Yet there is still another monumental step: the texts must first be discovered. Dwarfed in comparison to the first two groups are texts – such as Aristotle’s Constitution of the Spartans – that were attested to by ancient sources but have been completely lost to the annals of time, like the vast majority of Greek and Latin texts. These sources, while now completely unavailable to us, might yet be discovered at any time, on any dig. On any given day the earth might bestow its blessing, uncovering wonders from the past, as was the case with many of the works of Epicurus, which would have fallen into this latter category of lost works, until we discovered the Villa of the Papyri.
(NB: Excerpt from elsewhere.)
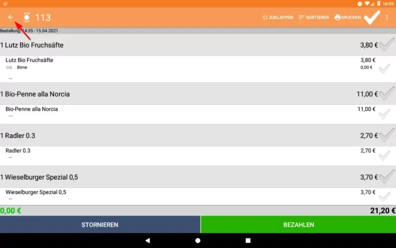 VI. Wenn Sie den gesamten Tisch storniert haben, gelangen Sie automatisch auf die Bonieroberfläche zurück. Wenn Sie nur einzelne Artikel storniert haben, tippen Sie auf den Pfeil links oben, um zur Tischansicht zurückzukehren.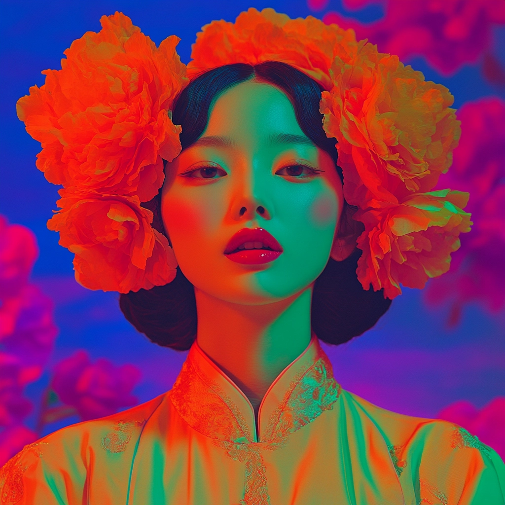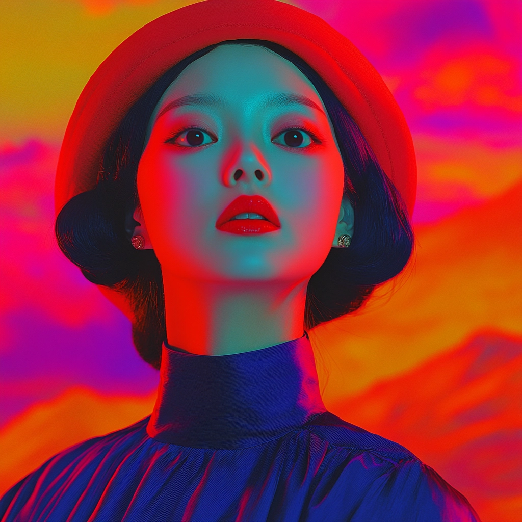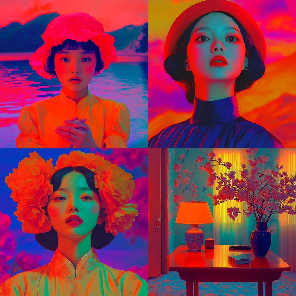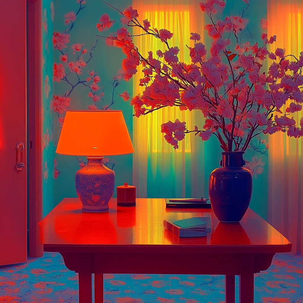 The images showcase dynamic lighting that accentuates the bold and saturated color palette. Textures are sharply defined, creating a vivid spatial sense. The composition utilizes color contrast effectively, with spaces flowing seamlessly into one another.

Yet even such a fortuitous discovery could not be taken advantage of were new techniques not developed for reading scrolls whose survival depends on not opening them. I always tell my Greek and Latin students that there is a point where the science of translating becomes pure art. Likewise, there is a point at which the recovery, translation, restoration, and, finally, the study of ancient texts becomes treasure seeking. You never know what treasure might be hiding in the next ancient Egyptian trash heap…
Filling in the blanks in ancient history: “Doom Scrolling” in @WorksInProgMag.
For more on the Vesuvius Challenge– its process and progress– see here (source of the image above).
* Lemony Snicket (Daniel Handler)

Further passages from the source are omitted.